Japan Geoscience Union Meeting 2025

Presentation information

[E] Poster

A (Atmospheric and Hydrospheric Sciences ) » A-AS Atmospheric Sciences, Meteorology & Atmospheric Environment

[A-AS03] Extreme Events and Mesoscale Weather: Observations and Modeling

Tue. May 27, 2025 5:15 PM - 7:15 PM Poster Hall (Exhibition Hall 7&8, Makuhari Messe)

convener:Tetsuya Takemi(Disaster Prevention Research Institute, Kyoto University), Sridhara Nayak(Japan Meteorological Corporation), Ken-ichi Shimose(National Research Institute For Earth Science and Disaster Resilience), Takumi Honda(Information Technology Center, The University of Tokyo)

5:15 PM - 7:15 PM

[AAS03-P01] Predictability of a line-shaped heavy precipitation event in early July 2023 revealed by an ensemble forecast

*Takumi Honda1, Kozo OKAMOTO2, Eigo Tochimoto2 (1.Information Technology Center, The University of Tokyo, 2.Meteorological Research Institute)

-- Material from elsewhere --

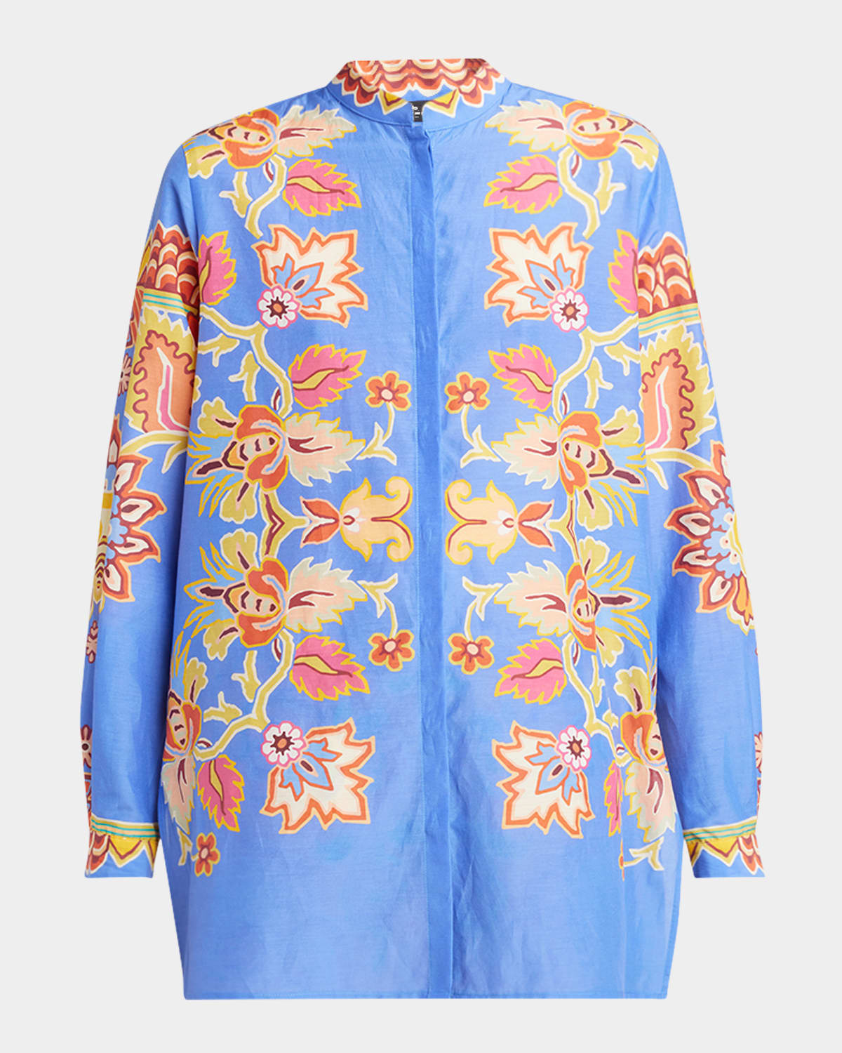 - Etro tunic blouse in blue bouquet voile - Mandarin collar; concealed button front - Long sleeves; button cuffs - Yoked back; box pleat - Loose fit - Shirttail hem; sidfe slits - Cotton/silk - Made in Italy

Keywords:Predictability, Line-shaped precipitation system, Ensemble forecast

In Japan, quasi-stationary line-shaped precipitation systems often cause severe disasters. Accurate prediction of such systems requires understanding the underlying processes that affect predictability. In particular, analyzing ensembles of predictions would provide valuable insights into how small differences result in significant variations in predicted precipitation among ensemble members. This study aims to investigate predictability of a line-shaped heavy precipitation event in early July 2023 using an ensemble forecast. During this event, a cloud system developed west of Kyushu Island, moved eastward, and caused substantial precipitation in the northern Kyushu area. To better capture this cloud system in the initial conditions, this study assimilates all-sky brightness temperature observations from Himawari-9. The assimilation clearly improves the representation of cloud patterns and the accuracy of precipitation ensemble forecasts. We will analyze this improved ensemble forecast to identify key characteristics associated with the predictability of this heavy precipitation event.